So it looks like our journey with the research study will be just as much of a roller coaster ride as the rest of the infertility journey.
I left our meeting with Dr. C feeling somewhat better about all of my projected anxieties. He assured us that he would do everything in his power to make the study work for us given our location and work schedules. He said that he would try to set up our appointments at the Radnor location as early or as late as possible.
This morning, I got a follow-up call from the organizer of the study, a woman named Jean. She told me that, in fact, no one has ever participated in the study through the Radnor office and that Dr. C is still working on this, but that it is not a guarantee. Also new to me, she said that no matter what Dr. C is able to work out, the baseline ultrasound and two of the other eight monitoring appointments must be at the downtown office. The more she said, the more I could feel all of the stress coming back.
There is another issue that somewhat complicates matters, as much as I don't think that it should. Yesterday, I went into work because my new co-teacher asked me if I wouldn't mind giving her a hand with set-up and some of her questions about sixth grade. Within a few minutes of our chit-chat, she told me that she is ten weeks pregnant and due in March. I impressed myself with my response. There was no gutpunch feeling, no shocked stare or attempt to hold back tears; I simply congratulated her and moved on with the conversation. She got pregnant with her first child around the same time we started TTC and now she is expecting her second. She also told me that she is experiencing just about every pregnancy symptom there is and she feels like crap most days.
In my overview of middle school routines and scheduling, she was genuinely surprised and dismayed to hear that the schedule is now the same everyday and that there will no longer be days when we have preps first thing in the morning. I had heard before that she often left early for "childcare needs," but she was also planning on taking full advantage of the middle school schedule by coming in late when her young child or pregnancy required it.

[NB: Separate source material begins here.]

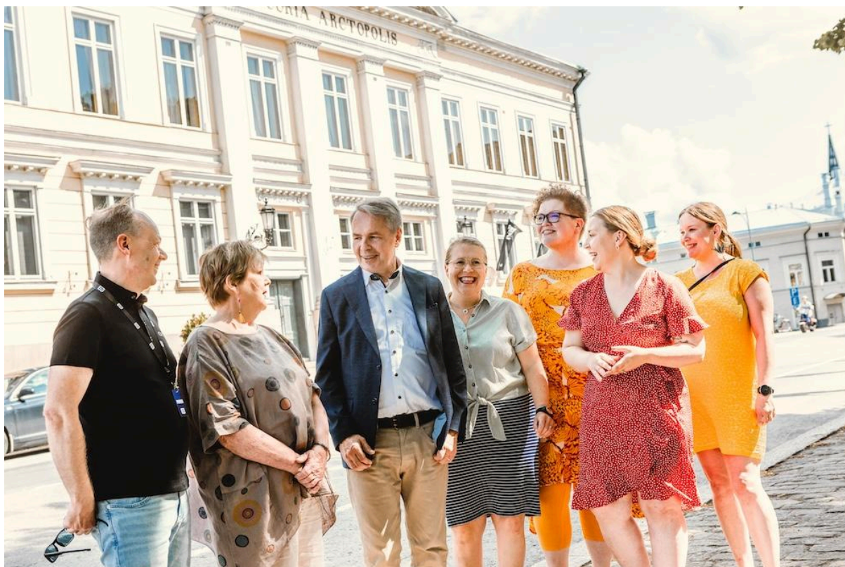
Pekka Haavisto Porissa tapaamassa valtuutettuja SuomiAreenan aikaan.

Yhdistykset ja piiri silti tukivat valitsijayhdistystä ja tukiryhmää kampanjassa sekä kannattajakorttien keräämisessä. Kannattajakortteja kerättiin Vihreiden kaikissa tapahtumissa, esimerkiksi SuomiAreenan kansalaistorin pisteellä.

Now there are two teachers in the room who need some flexibility in the schedule, and given the fact that she is already expecting and the reaction I got previously from the Head of School, I can't imagine that I will be the priority, especially given that I am the one who is a "seasoned veteran." Right now, I am preparing to begin a year in which I will have to train and support a new(-ish) teacher, just to have her leave in March. She is planning to return after 6-10 weeks, but several of our co-workers are trying to convince her to stay home for the rest of the year and the summer to be with her kids.
I have been told many times by many people that this treatment should be a priority and that I can't let these things stand in my way. It is just so much more complicated than that. I can't help but feel dedicated to my job and I really am passionate about teaching. I also have been given a fair amount of pressure and responsibility this year given that out of the six teachers in sixth grade this year, there are only two who have done this before, and I am certainly the more competent of the two. It is unfair that it works out like this, but I just can't see either of my bosses being very understanding when I tell them that I will be late eight days per month and that at least half of those days, I will be significantly late.
Basically, I see three options right now, none of which are particularly appealing to me right now:
1. Continue on with the study just hoping that we will be assigned to the Menopur group and that it will be logistically feasible.
2. Drop out of the study and make separate arrangements with our RE to try a few cycles with injectibles OOP.
3. Nothing. Take a break from treatment and just hope that hard work, scrimping and saving will bring us a little closer to IVF, maybe next summer.
In the car today, my husband offered full support for whatever decision I make, and I really appreciate that. I know many women would want to make the decision together, but he knows me and trusts me, and he also realizes that the nitty-gritty of this decision really comes down to work dynamics and personal issues that he really does not understand or even have to participate in. All I know for sure is that he is not ready to quit yet and that we're not even looking down the adoption road yet.
I feel really down today that all of this is happening at once and my personality does not jive well with feelings of powerlessness. I hate that life is throwing all of these obstacles in the way of our attempts to overcome the biggest obstacle of our lives. I hate the fact that at least one of these obstacles is based on my talent and dedication in my job and that I am, in effect, being punished for this. If I was less competent at my job and more willing to just stand up and neglect my responsibilities to do whatever treatment I want, I would probably be closer to a BFP right now, and that sucks. If I had chosen a different profession that was more financially rewarding, I would also probably be in a different position right now. Most of all, I really hate that infertility is making me second-guess myself and make choices that other people simply do not have to make.